「ツバキ文具店」を読んで

どんな小説なのかもわからず装幀を見て、ゆっくりした時間が
流れるような小説なのかもと思い、読んでみた。

文具店を営みつつ代書屋としてさまざまな人が要望する手紙を
代書する雨宮鳩子ことポッポちゃん。
ポッポちゃんは代書を頼みに来た人や知り合った人にあだ名を付けるのだが
その人となりがわかりそうなあだ名なのでこんな人じゃないかと
想像しやすい。

代書屋の仕事を見ていると紙選び、書く道具、封筒、切手、文字、
慎重に文面を選び、その相手のことを思いながら一生懸命に
手紙を書いている。私自身そんな手紙を書いたことがない。
でもこの小説を読んでいると自分が疑似体験のように小説の中の登場人物に
手紙を書いているような気分になる。
作中にポッポちゃんが書いた手紙が出てくるのだが、同じ人が書いても
相手によってこんなに用紙や字の書体が違う書き方が出来るのかと
感動してしまった。

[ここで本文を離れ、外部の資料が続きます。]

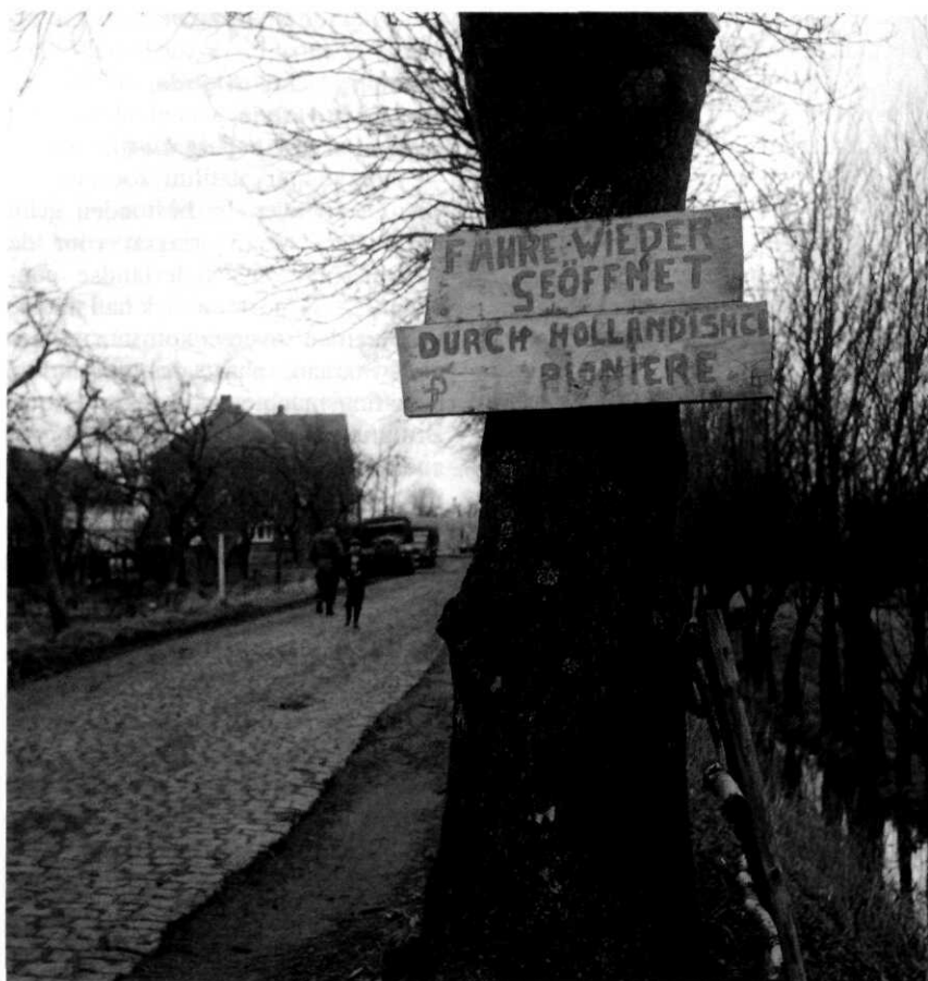
Nederlandse bijstand tijdens stormvloed bij Hamburg, februari 1962

こんな風に手紙やはがきを書けたら文字を書くのも
好きになるんだろうな。

作中に出てくるポッポちゃんの友人でバーバラ夫人やパンティーや男爵の関係が
理想的だ。つかず離れずだがたまにご飯を食べたり
遊びに行ったりしてうらやましい。

「春」は私が好きな話だ。
自分の子供が幼少期に私と手紙交換をしたことと、QPちゃんの手紙が
重なった。子供なりに一生懸命に書いた手紙を今でも大事にとって
あったのを思い出した。

この本には他にも魅力がある。鎌倉の町が詳しく書いてある。
鎌倉には行ったことはないが、食べるお店や神社が紹介されていて
鎌倉に行きたい、つるやの二世帯住宅のうな重が食べたい、
七福神めぐりしたい。 
本を読んで旅行気分もよいがやっぱり本を片手に実際に鎌倉に行ってみたくなる。
コロナが終息したら行きたい。

この本を読んで、人生をもっとゆっくりと丁寧に過ごしても
いいのではないかと思った。なんにでも早く終わらせなきゃ、合理的にしなきゃと
思っていたけれど、遠回りしてもそれだけの意味はあるのではないか。
手紙はずっと書いたことがないし、年賀状すらラインで終わらせて
それを書くことをしなくなった。
いまさら出す相手も少なくなったが、年賀状ぐらいは相手のことを思って文字や書く道具に
こだわって書いて郵便で送ってもらうことをしてもいいかもという気持ちになった。